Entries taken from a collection

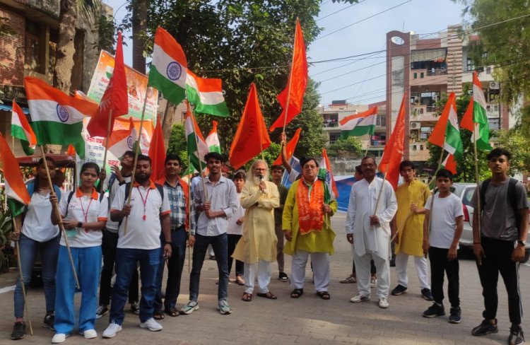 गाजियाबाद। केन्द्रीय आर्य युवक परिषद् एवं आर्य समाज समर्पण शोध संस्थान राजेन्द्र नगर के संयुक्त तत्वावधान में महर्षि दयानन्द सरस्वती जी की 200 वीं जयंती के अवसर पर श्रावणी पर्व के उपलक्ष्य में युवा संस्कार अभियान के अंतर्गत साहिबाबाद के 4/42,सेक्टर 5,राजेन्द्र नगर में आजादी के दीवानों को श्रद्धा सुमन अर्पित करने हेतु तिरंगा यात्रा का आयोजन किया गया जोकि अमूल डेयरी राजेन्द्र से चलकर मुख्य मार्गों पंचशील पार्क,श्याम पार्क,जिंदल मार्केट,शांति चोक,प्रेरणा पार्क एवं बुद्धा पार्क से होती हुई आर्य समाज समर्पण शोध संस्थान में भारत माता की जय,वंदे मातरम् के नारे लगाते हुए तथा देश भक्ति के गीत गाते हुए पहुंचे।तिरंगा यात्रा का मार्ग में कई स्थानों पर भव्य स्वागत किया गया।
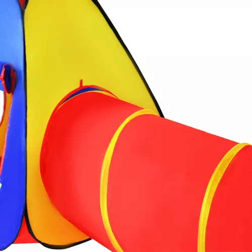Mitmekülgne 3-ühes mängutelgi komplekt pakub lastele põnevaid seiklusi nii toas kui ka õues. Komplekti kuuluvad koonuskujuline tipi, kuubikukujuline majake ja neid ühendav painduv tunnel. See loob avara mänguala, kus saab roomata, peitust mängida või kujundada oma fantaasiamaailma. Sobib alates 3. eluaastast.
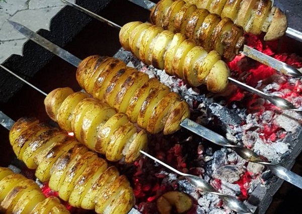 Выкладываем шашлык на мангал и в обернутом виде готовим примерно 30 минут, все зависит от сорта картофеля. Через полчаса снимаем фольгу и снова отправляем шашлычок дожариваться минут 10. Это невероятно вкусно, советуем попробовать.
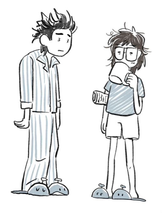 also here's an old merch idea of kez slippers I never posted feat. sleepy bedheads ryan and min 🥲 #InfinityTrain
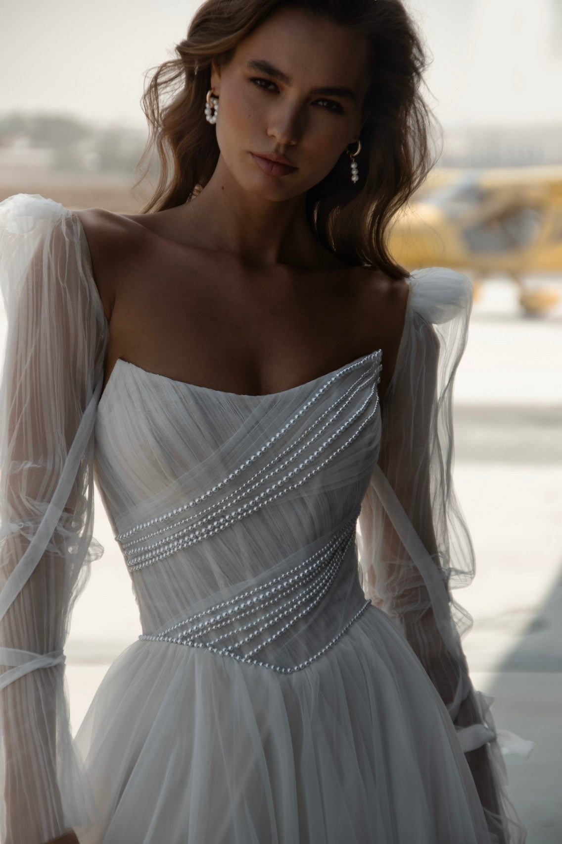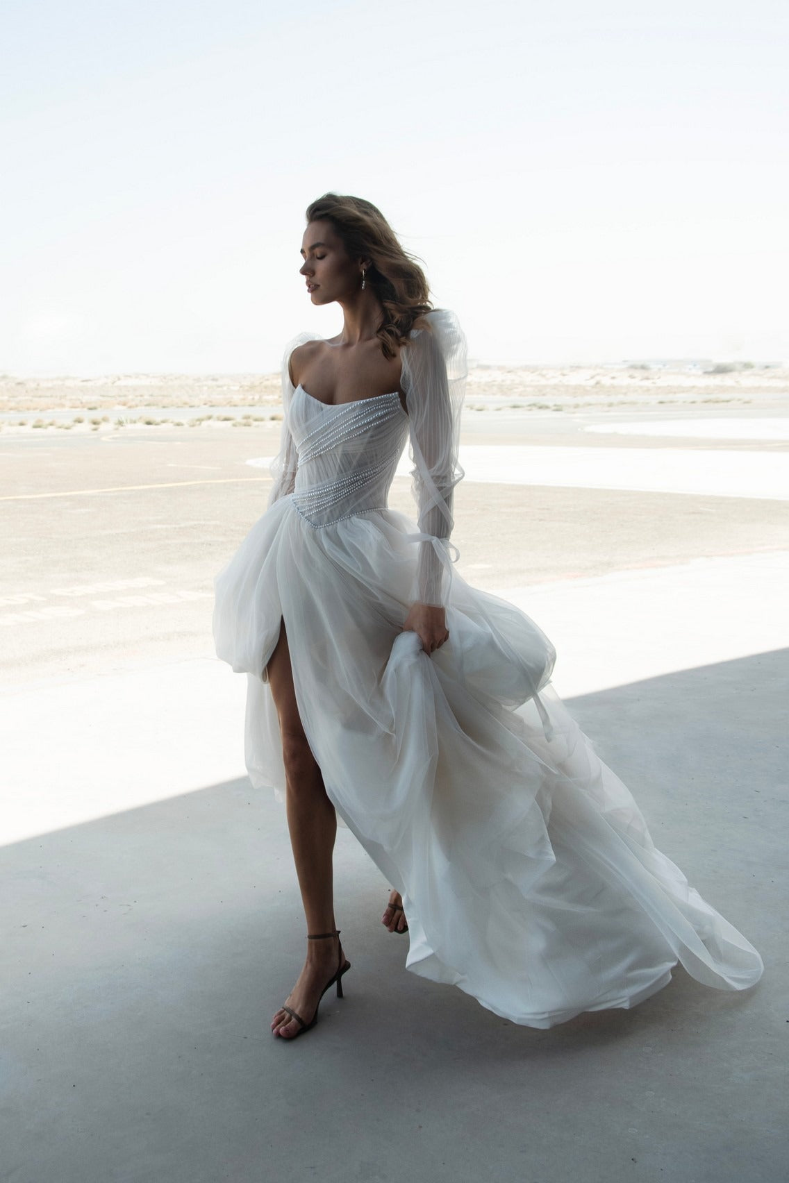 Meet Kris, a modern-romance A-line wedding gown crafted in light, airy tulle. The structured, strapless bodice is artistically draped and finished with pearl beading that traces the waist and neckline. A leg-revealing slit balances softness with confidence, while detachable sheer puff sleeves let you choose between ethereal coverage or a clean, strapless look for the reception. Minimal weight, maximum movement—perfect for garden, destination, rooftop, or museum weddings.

### What you should do
Return every entry above exactly as written, with no pictures included.

### The answer
 गाजियाबाद। केन्द्रीय आर्य युवक परिषद् एवं आर्य समाज समर्पण शोध संस्थान राजेन्द्र नगर के संयुक्त तत्वावधान में महर्षि दयानन्द सरस्वती जी की 200 वीं जयंती के अवसर पर श्रावणी पर्व के उपलक्ष्य में युवा संस्कार अभियान के अंतर्गत साहिबाबाद के 4/42,सेक्टर 5,राजेन्द्र नगर में आजादी के दीवानों को श्रद्धा सुमन अर्पित करने हेतु तिरंगा यात्रा का आयोजन किया गया जोकि अमूल डेयरी राजेन्द्र से चलकर मुख्य मार्गों पंचशील पार्क,श्याम पार्क,जिंदल मार्केट,शांति चोक,प्रेरणा पार्क एवं बुद्धा पार्क से होती हुई आर्य समाज समर्पण शोध संस्थान में भारत माता की जय,वंदे मातरम् के नारे लगाते हुए तथा देश भक्ति के गीत गाते हुए पहुंचे।तिरंगा यात्रा का मार्ग में कई स्थानों पर भव्य स्वागत किया गया।
Mitmekülgne 3-ühes mängutelgi komplekt pakub lastele põnevaid seiklusi nii toas kui ka õues. Komplekti kuuluvad koonuskujuline tipi, kuubikukujuline majake ja neid ühendav painduv tunnel. See loob avara mänguala, kus saab roomata, peitust mängida või kujundada oma fantaasiamaailma. Sobib alates 3. eluaastast.
 Выкладываем шашлык на мангал и в обернутом виде готовим примерно 30 минут, все зависит от сорта картофеля. Через полчаса снимаем фольгу и снова отправляем шашлычок дожариваться минут 10. Это невероятно вкусно, советуем попробовать.
 also here's an old merch idea of kez slippers I never posted feat. sleepy bedheads ryan and min 🥲 #InfinityTrain
 Meet Kris, a modern-romance A-line wedding gown crafted in light, airy tulle. The structured, strapless bodice is artistically draped and finished with pearl beading that traces the waist and neckline. A leg-revealing slit balances softness with confidence, while detachable sheer puff sleeves let you choose between ethereal coverage or a clean, strapless look for the reception. Minimal weight, maximum movement—perfect for garden, destination, rooftop, or museum weddings.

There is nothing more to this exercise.